Cabem aos países desenvolvidos crescer, acrescenta, mesmo sabendo que, à exceção dos Estados Unidos, eles não estão fazendo nada; ao contrário, adotaram políticas que levam à recessão.
E nós? Vejam só. No caso do Brasil, o FMI recomenda cautela com o corte de juros porque podem exacerbar a demandar e provocar "reaquecimento..." "O crédito elevado e o crescimento das importações sugerem que os riscos de superaquecimento não estão completamente sob controle e poderiam ressurgir se o fluxo de capital retornar aos níveis anteriores,"afirma textualmente o Fundo.
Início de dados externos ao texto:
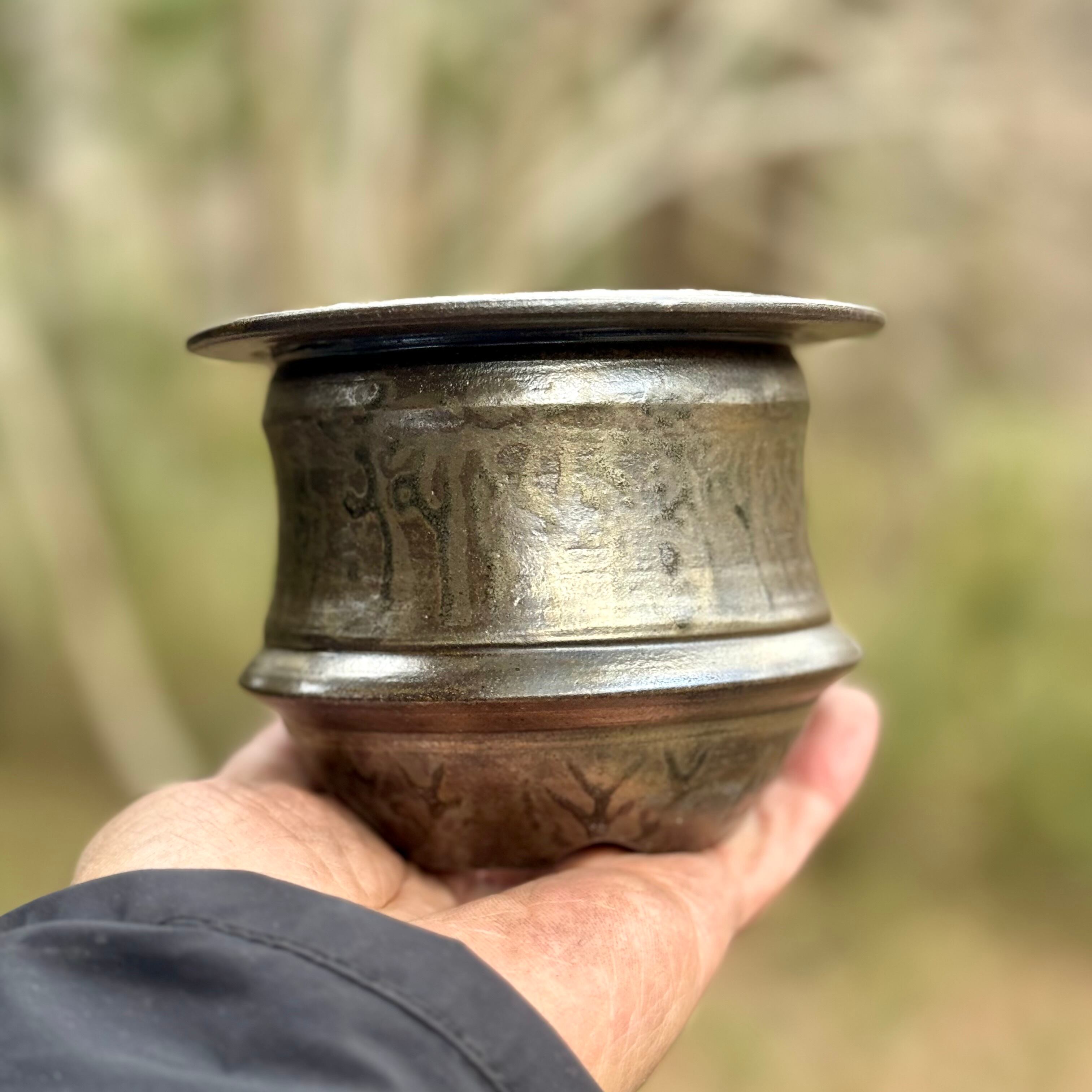 器肌全体に施された渋い光沢は、仕上げの薪による強還元焼成で得られるラスター系の金属光沢です。窯の中の置く位置で微妙に黒銀、黒金光沢がグラデーションしながら発色する位置が変化する特徴があります。

Mas ele não está prevendo um crescimento do PIB de apenas 3% este ano? Onde está o risco de "superaquecimento?" Há muita contradição nisso tudo.
Atrasado. Tudo indica que a análise e alertas do FMI se baseiam em fatos passados que há muito deixaram de existir. Não há no segundo trimestre do ano, nenhum, absolutamente nenhum sinal de "superaquecimento" no Brasil. Ao contrário, está evidente que as políticas monetária e fiscal no fim do ano passado foram de tal forma restritivas, que a economia simplesmente estagnou nos últimos meses.
A previsão do BC, quase sempre correta, é de que, em fevereiro, o PIB "cresceu" apenas 0,23%; no bimestre janeiro-fevereiro de 2011 e 2012, nada mais que 0,08%. Onde estão os riscos de "superaquecimento"que os economistas do Fundo estão vendo no Brasil?
É evitar a recessão. Ao contrário do que eles afirmam, o desafio atual do governo é crescer um pouco mais para evitar a recessão. Já estamos tendo um trimestre negativo, como mostram os indicadores preliminares de março.
O próprio Fundo admite em seu relatório que as taxas agora estimadas para este ano e o próximo são apenas 0,1% (erro estatístico como aquele 0,08%?) acima das projetadas em janeiro. Ou seja, estagnação.
De novo a pergunta que não se cala: onde estão os riscos de superaquecimento que exigem "cautela?" A inflação? Ora, ela até desacelera auxiliada pelo câmbio. Não deve passar de 5% este ano, está em torno de 4,5%, o que, afirmam economistas respeitáveis como Paul Krugaman, não é de todo indesejável em economias ameaçadas pela recessão, nas quais a proridade é crescer.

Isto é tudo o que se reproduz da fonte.